Queste, per coloro a cui interessano, sono le regole. Poi, come detto, liberi di sostenere che è giusto reinterpretarle, o promuovere un uso giudicato più moderno, che però in questo caso sarebbe al massimo un ritorno a quello antico e superato..!


----------



## Salegrosso

Anche a me non sembra questa grande intraprendenza ribelle scrivere _qualunque+plurale._
Magari una certa audace indipendenza di scrittura si puo' sfoggiare nell'aggettivazione, o nel coniare sensati neologismi, ma qui mi pare che non valga la pena...


----------



## Necsus

Salegrosso said:


> Anche a me non sembra questa grande intraprendenza ribelle scrivere _qualunque+plurale._
> Magari una certa audace indipendenza di scrittura si puo' sfoggiare nell'aggettivazione, o nel coniare sensati neologismi, ma qui mi pare che non valga la pena...

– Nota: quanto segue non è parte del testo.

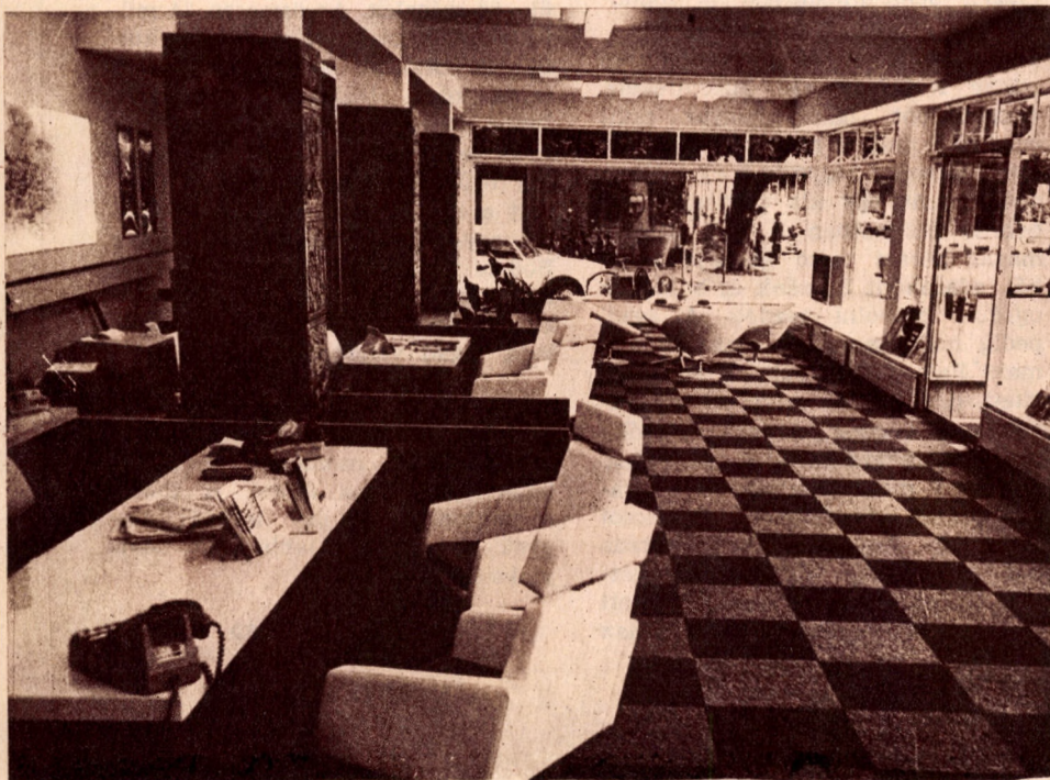
A MALÉV zürichi kirendeltségének irodája

A MALÉV — ezt is megírták a svájci lapok — különös gondot fordít a repülős turisztika fejlesztésére. Mind jobban bővíti kapcsolatait az utazási irodákkal, emellett

Sono d'accordo, certo. Però a mio modo di vedere può essere decisamente dannoso, in nome di una personale visione di alcuni usi della lingua, suggerire a chi ci legge l'idea che i codici che la regolano non siano attendibili.


----------



## Crisidelm

Neanche se è vero? Se tra l'Italiano dei dizionari e l'Italiano che la gente parla per le strade c'è uno iato, cosa dovremmo dire? "Chiunque" ad esempio, è usato spesso e volentieri al plurale, specialmente con il verbo "essere": credo sia esperienza di tutti, tutti i giorni. Ma nonostante ciò dovremmo dire a chi ci chiede spiegazioni al riguardo:"Ma è solo singolare perché i dizionari dicono così"? Io non ci sto.


----------



## Saoul

In realtà credo che il discorso di Necsus sia diverso e mi trova estremamente d'accordo. 

Non credo che lui stia parlando della vita in generale ma di WRF. 
Diversi stranieri, che stanno imparando l'italiano leggeranno questo thread e io non credo che facciamo loro un favore a veicolare il concetto che le grammatiche e i vocabolari sbagliano perché nella vita di tutti i giorni si dice altro.

Inoltre il fatto che ci sia uno iato tra ciò che le grammatiche riportano e ciò che la gente dice, non vuol dire assolutamente che ciò che la gente dice sia corretto. 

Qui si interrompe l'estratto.